Iii-D Power Assignment

After the seeds are selected and prioritized, the preferenced seeds are given more power, namely more mutation chances. Although power assignment is crucial for DGF, very few works, try to optimize this step. AFLGo [4] uses a simulated annealing-based power schedule to gradually assign more energy to seeds that are closer to the target locations while reducing energy for further away seeds. Unlike the traditional random walk scheduling that always accepts better solutions which may be trapped in local optimum, simulated annealing accepts the solution which is not as good as the current one with a certain probability, so it is possible to jump out of the local optimum and reach the global optimal solution. [31]. Berry [30] also applies simulated annealing to the seed energy scheduling scheme to achieve global optimization. Hawkeye [6] also adopted simulated annealing but added prioritization. Thus, seeds closer to the target are mutated first, which further improves the directedness. LOLLY [31] adopts an optimized simulated annealing-based power schedule to achieve maximum sequence coverage. Controlled by a temperature threshold, the cooling schedule in the exploration stage randomly mutates the provided seeds to generate many new inputs, while in the exploitation stage, it generates more new inputs from seeds that have higher sequence coverage.

Iii-E Mutation Scheduling

Some fuzzers also optimize mutation strategies to assist directed fuzzing, which mainly realized by classifying the mutators into different granularities. Hawkeye[6] leverages an adaptive mutation strategy, which categorizes the mutators as coarse-grained and fine-grained. Coarse-grained mutators are used to change bulks of bytes during the mutations, while fine-grained only involve a few byte-level modifications, insertions, or deletions. It gives less chance of coarse-grained mutations when a seed can reach the target function. Once the seed reaches targets, the times of doing fine-grained mutations increase, and coarse-grained mutations decrease. In practice, the scheduling of mutators is controlled by empirical values. Similarly, V-Fuzz [29] classify the mutation strategies into slight mutation and heavy mutation and dynamically adjust the mutation strategy via a threshold according to the actual fuzzing states. SemFuzz [62] performs a resemble classification, except it focuses on the syscall. SemFuzz utilizes coarse mutation on the inputs to find a syscall sequence that can move the execution towards the “vulnerable functions”. After that, it switches to a fine-grained mutation on the syscall sequence to monitor the “critical variables”. ProFuzzer [61] entails different mutation policies according to the input field types recognized by input type probing.

Iii-F Data-flow Analysis

Compared to control-flow analysis, data-flow analysis is less prevalent in DGF. This is because it usually enlarges the runtime overhead even though data-flow analysis helps optimize mutation strategy and input generation. RDFuzz [60] leverages a disturb-and-check method to identify and protect the distance sensitive content from the input, which is vital to maintain the distance.

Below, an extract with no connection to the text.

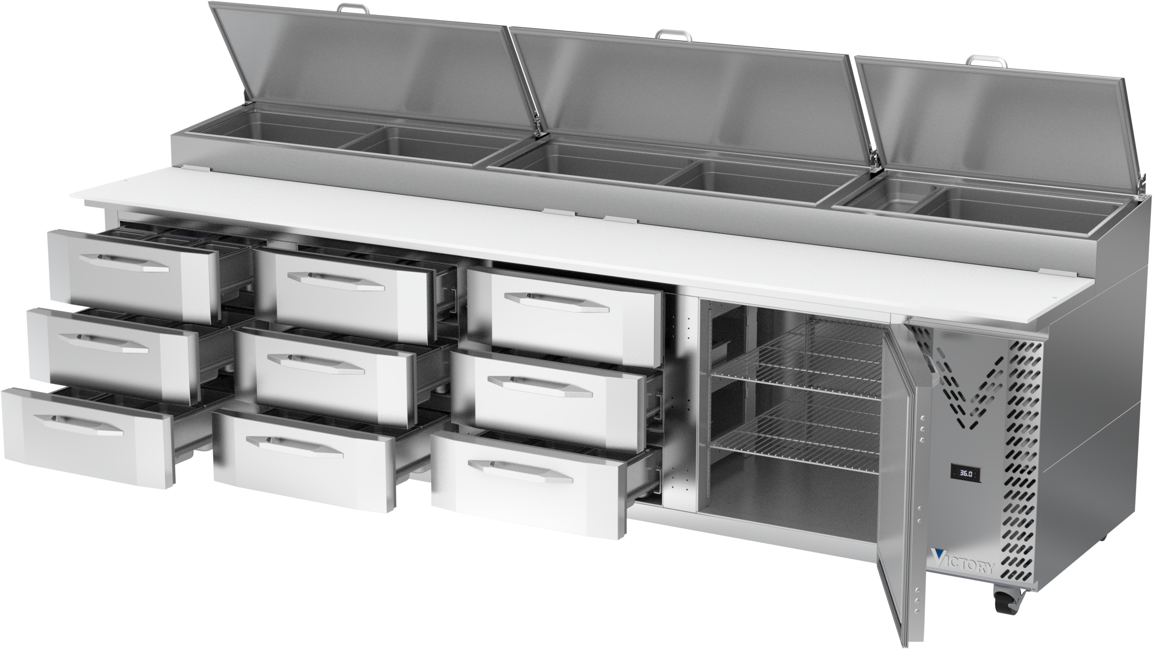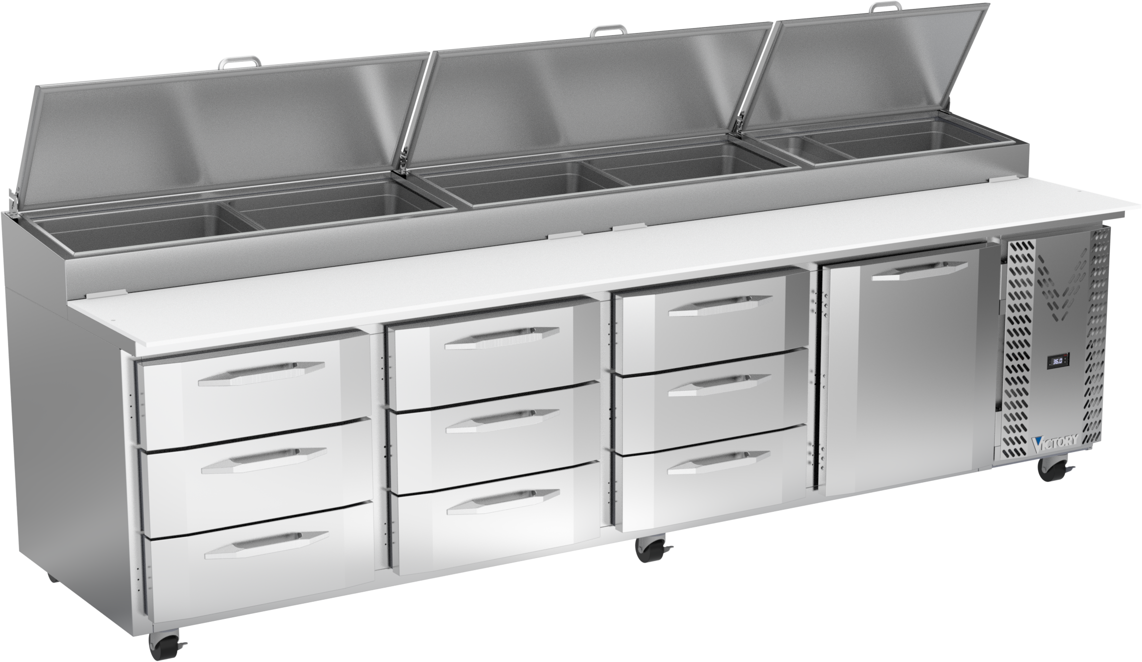Drawer units feature a heavy-duty drawer slide system with an impressive 275 lbs drawer load rating (per drawer). Low-profile handles and beveled door and drawer faces offer a stylish look without compromising functionality. Featuring a full electronic control with a one-touch defrost and digital display, the Victory pizza prep tables offer ease of use with quick temperature adjustments.

Preventing such content during mutation can help to approach the target code location more efficiently. UAFL [52] adopts an information flow analysis to identify the relationship between the input and the program variables in the conditional statement, and assigns higher mutation possibility for these input bytes with high information flow strength, as they are more likely to change the values of target statement. SemFuzz [62] tracks critical variables by the kernel function parameters that the critical variables depend on via backward data-flow analysis on the critical variables. SeededFuzz[55] utilizes dynamic taint analysis to identify the bytes of seeds which can influence values at security-sensitive program sites. PFUZZER [37] uses dynamic tainting of inputs to relate each value processed to the input characters it is derived from. TIFF [20] infers input type by means of in-memory data-structure identification and dynamic taint analysis, which increases the probability of triggering memory corruption vulnerabilities by type-based mutation.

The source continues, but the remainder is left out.